我希望有一个列表[1,2],但出现错误。

Py4JJavaError                             Traceback (most recent call last)
<ipython-input-27-c21ec2fd3595> in <module>
----> 1 all_edges = edges.collect()
      2 print(all_edges)

但是当我尝试读取RDD时,出现错误:

  • 错误代码:


    Py4JJavaError Traceback(最近一次通话)  在 ----> 1 edge.collect()

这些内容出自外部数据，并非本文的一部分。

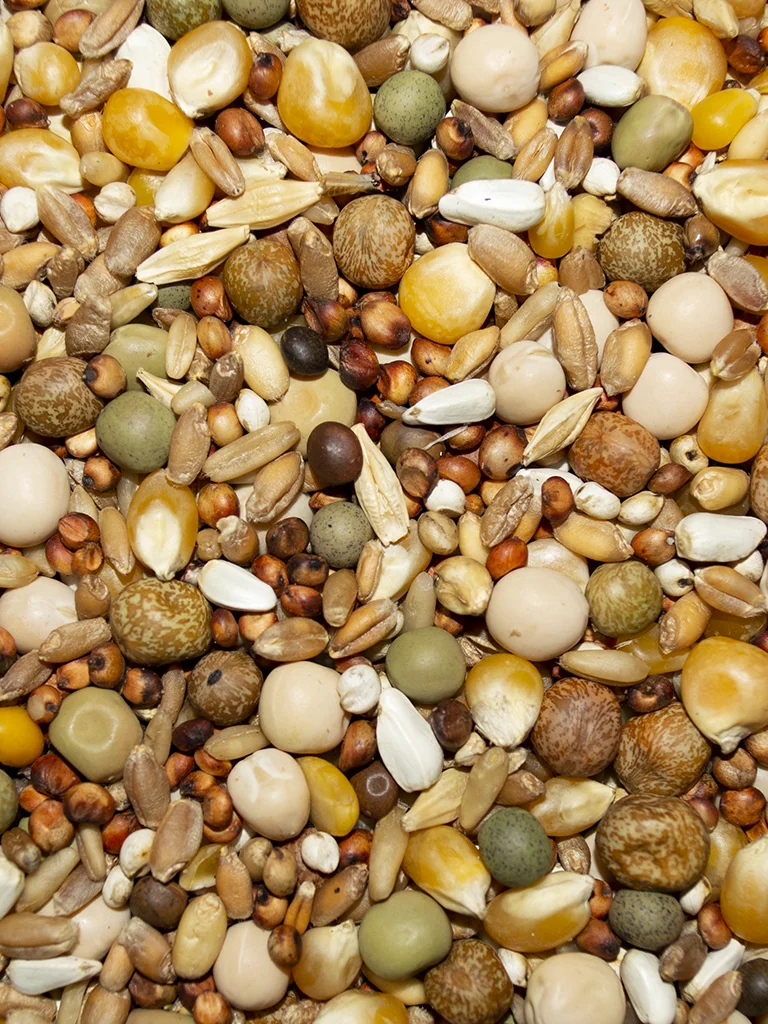 Yellow Peas, Maple Peas, Austrian Peas, Dunn Peas, Corn, Wheat, Milo, Safflower Seed, Oat Groats, Barley, Vetch and Safflower Oil.

    收集中的C:\ opt \ spark \ spark-2.4.1-bin-hadoop2.7 \ python \ pyspark \ rdd.py     814“”“     815与SCCallSiteSync(self.context)作为CSS: - > 816 sock_info = self.ctx._jvm.PythonRDD.collectAndServe(self._jrdd.rdd())     817返回列表(_load_from_socket(sock_info,self._jrdd_deserializer))     818

    C:\ opt \ spark \ spark-2.4.1-bin-hadoop2.7 \ python \ lib \ py4j-0.10.7-src.zip \ py4j \ java_gateway.py在调用中(* args)    1255答案= self.gateway_client.send_command(命令)    1256 = -> 1257个答案,self.gateway_client,self.target_id,self.name)    1258    temp_args中的temp_arg为1259:

    C:\ opt \ spark \ spark-2.4.1-bin-hadoop2.7 \ python \ pyspark \ sql \ utils.py in deco(* a,** kw)      61 def deco(* a,** kw):      62试试: ---> 63返回f(* a,** kw)      64,除了py4j.protocol.Py4JJavaError如e:      65 s = e.java_exception.toString()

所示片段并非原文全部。